-- REQUIRED ACTION --
Retype the whole listing below exactly, keeping every picture out of it.

-- DATASET EXCERPT --

◇ ◇ ◇

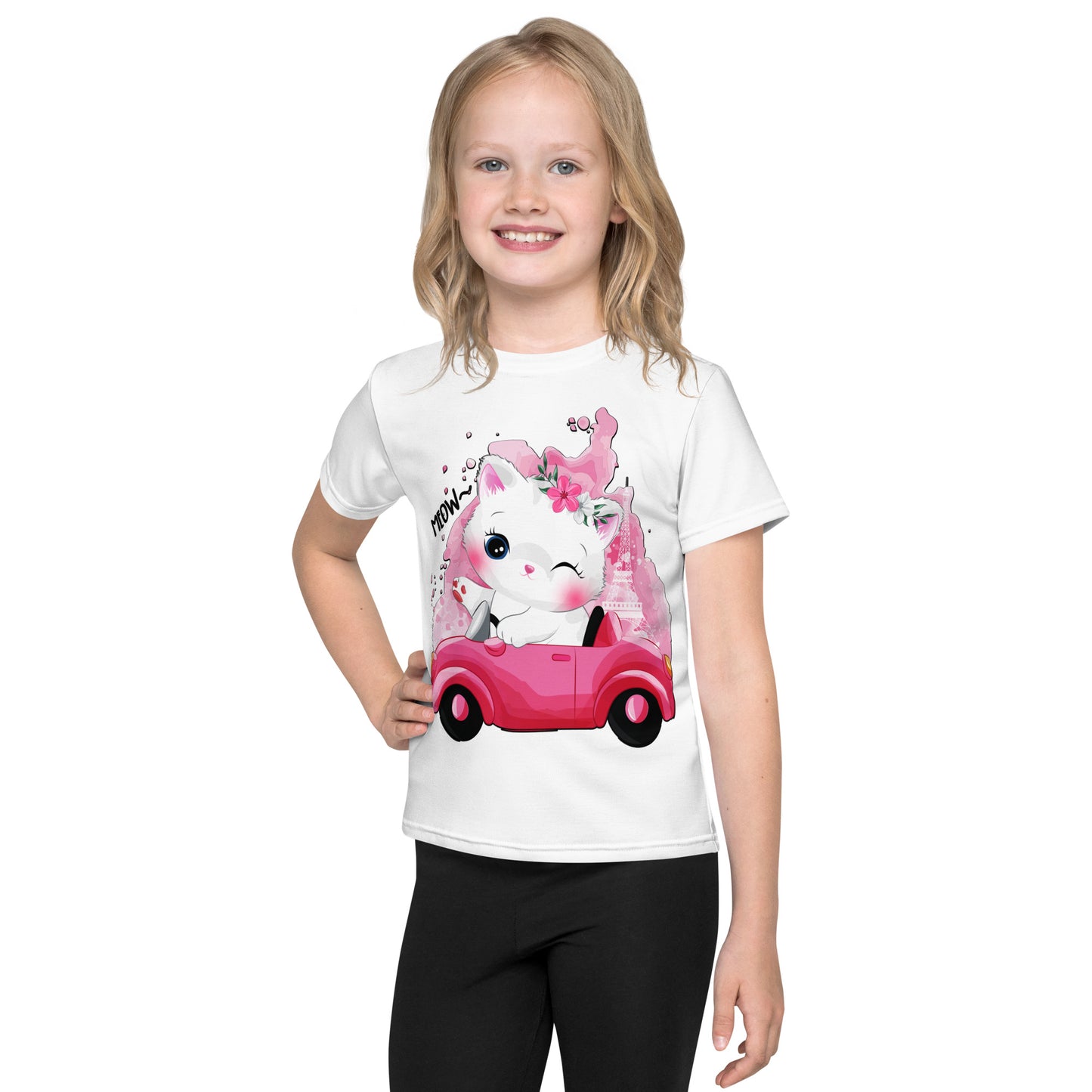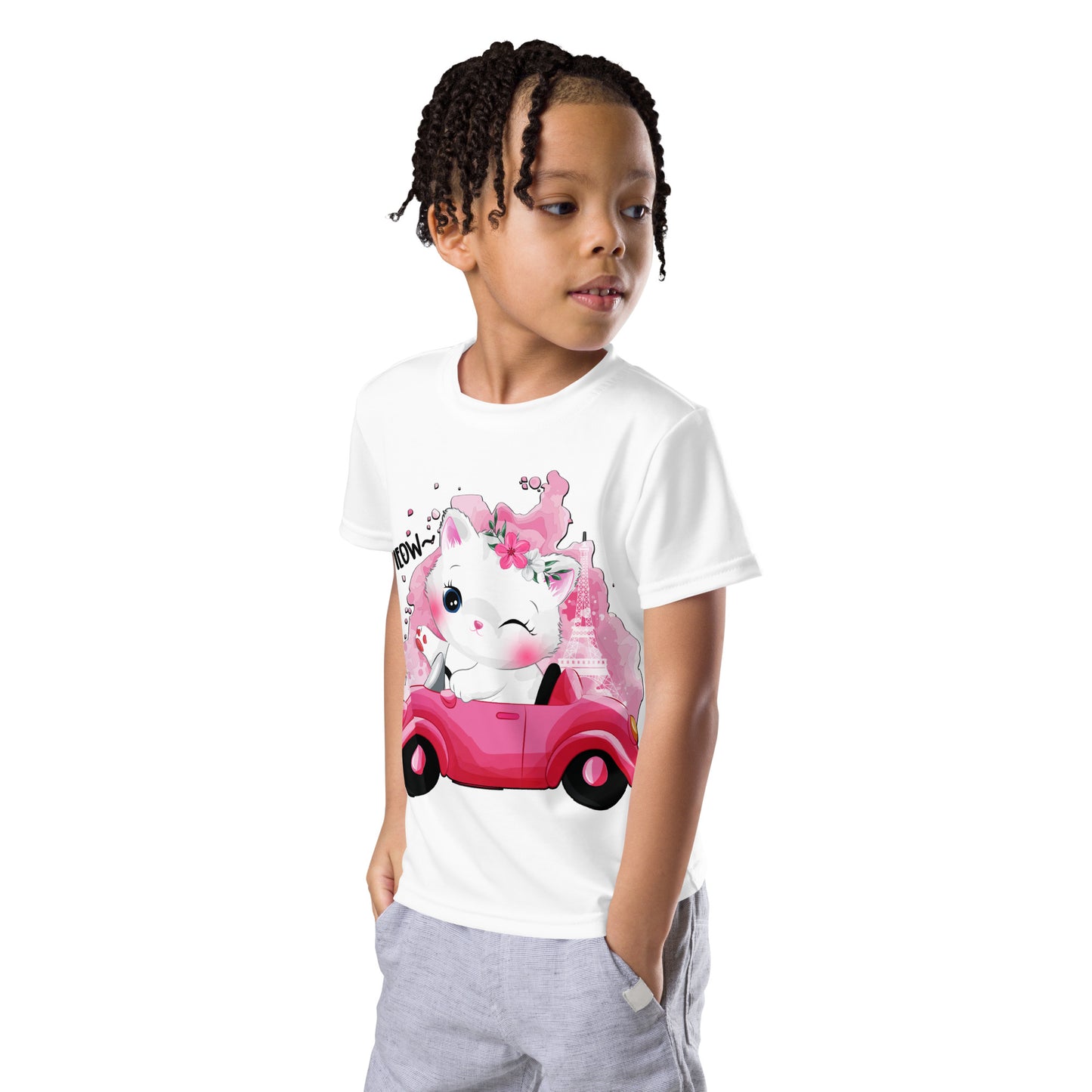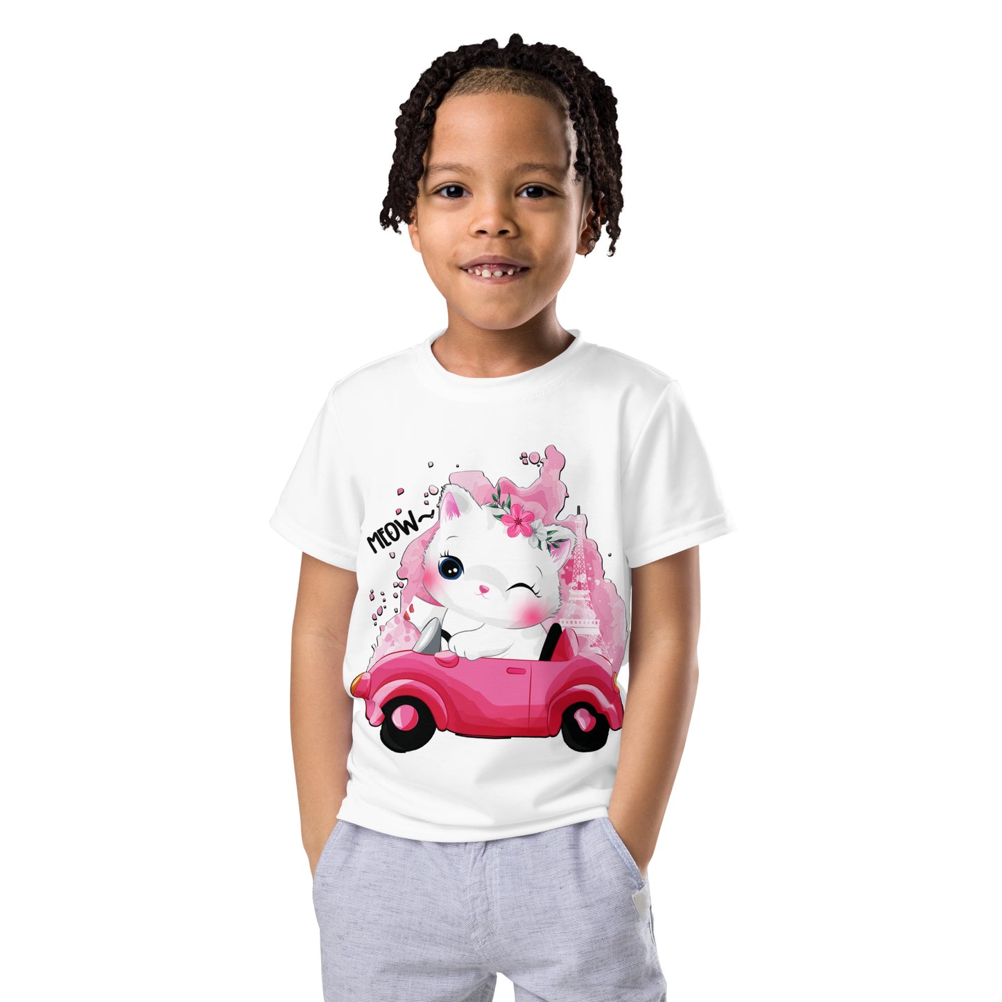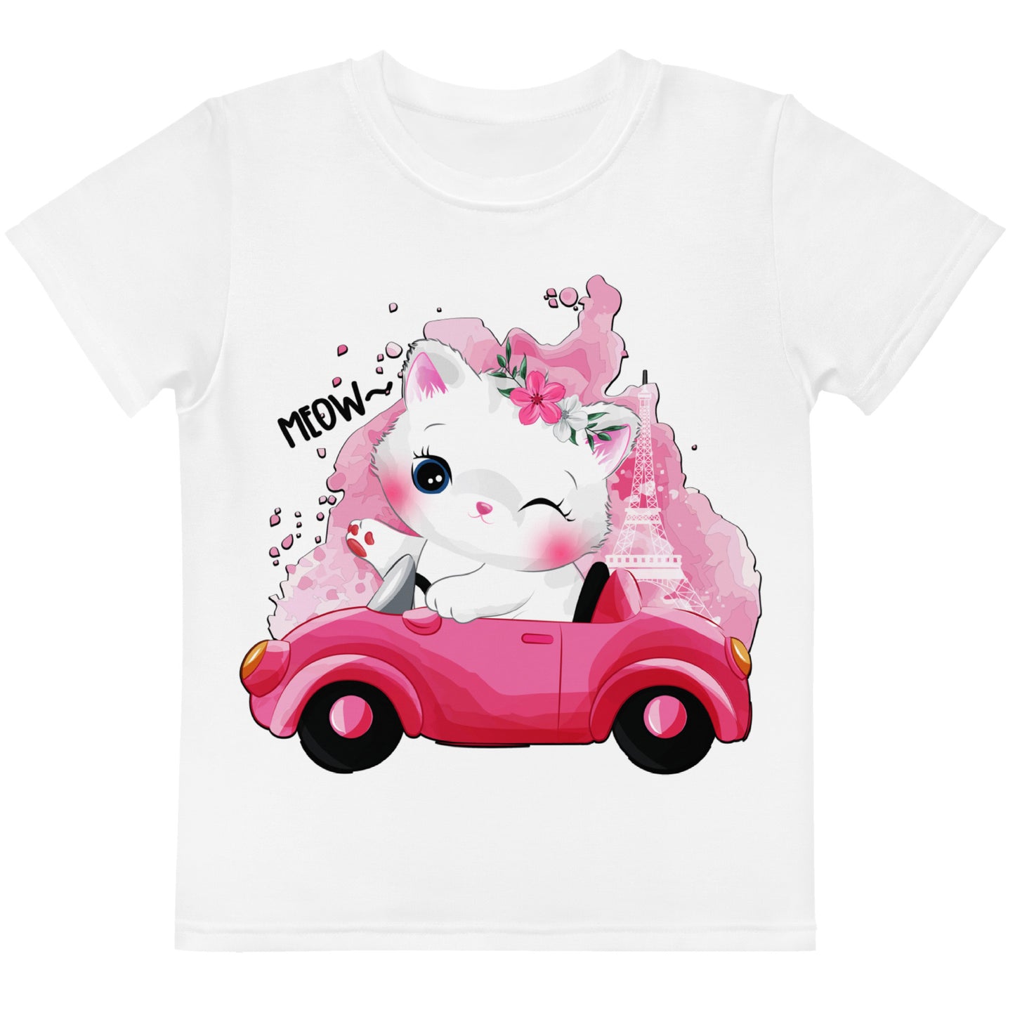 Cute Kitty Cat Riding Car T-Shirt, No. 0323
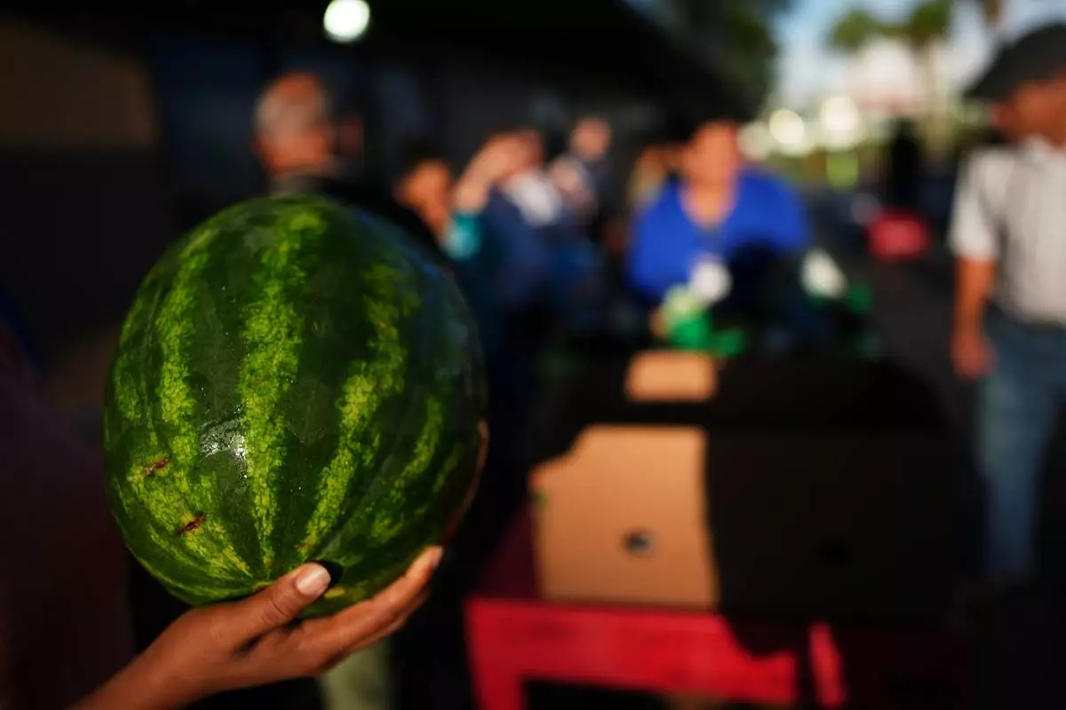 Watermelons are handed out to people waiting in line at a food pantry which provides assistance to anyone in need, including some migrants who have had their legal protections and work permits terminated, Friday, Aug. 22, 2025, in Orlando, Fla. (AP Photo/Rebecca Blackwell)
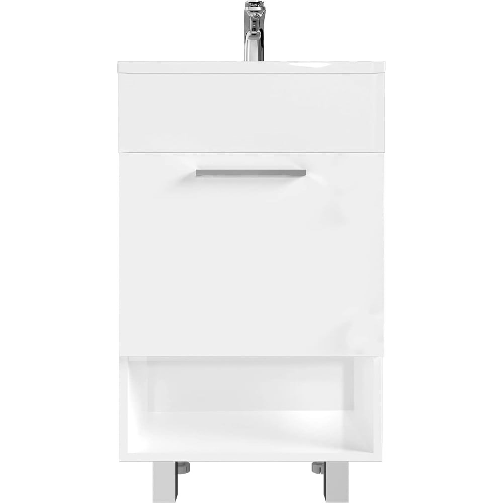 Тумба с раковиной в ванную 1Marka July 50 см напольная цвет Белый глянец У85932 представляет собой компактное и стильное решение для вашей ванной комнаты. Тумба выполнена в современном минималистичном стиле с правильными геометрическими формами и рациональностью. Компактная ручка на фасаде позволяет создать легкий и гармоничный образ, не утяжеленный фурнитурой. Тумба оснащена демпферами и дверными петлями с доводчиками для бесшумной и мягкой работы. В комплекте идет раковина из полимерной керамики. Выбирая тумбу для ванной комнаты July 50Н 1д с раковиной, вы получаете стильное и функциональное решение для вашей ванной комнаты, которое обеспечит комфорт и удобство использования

◇ ◇ ◇

-- ANSWER BELOW --
 Cute Kitty Cat Riding Car T-Shirt, No. 0323
 Watermelons are handed out to people waiting in line at a food pantry which provides assistance to anyone in need, including some migrants who have had their legal protections and work permits terminated, Friday, Aug. 22, 2025, in Orlando, Fla. (AP Photo/Rebecca Blackwell)
 Тумба с раковиной в ванную 1Marka July 50 см напольная цвет Белый глянец У85932 представляет собой компактное и стильное решение для вашей ванной комнаты. Тумба выполнена в современном минималистичном стиле с правильными геометрическими формами и рациональностью. Компактная ручка на фасаде позволяет создать легкий и гармоничный образ, не утяжеленный фурнитурой. Тумба оснащена демпферами и дверными петлями с доводчиками для бесшумной и мягкой работы. В комплекте идет раковина из полимерной керамики. Выбирая тумбу для ванной комнаты July 50Н 1д с раковиной, вы получаете стильное и функциональное решение для вашей ванной комнаты, которое обеспечит комфорт и удобство использования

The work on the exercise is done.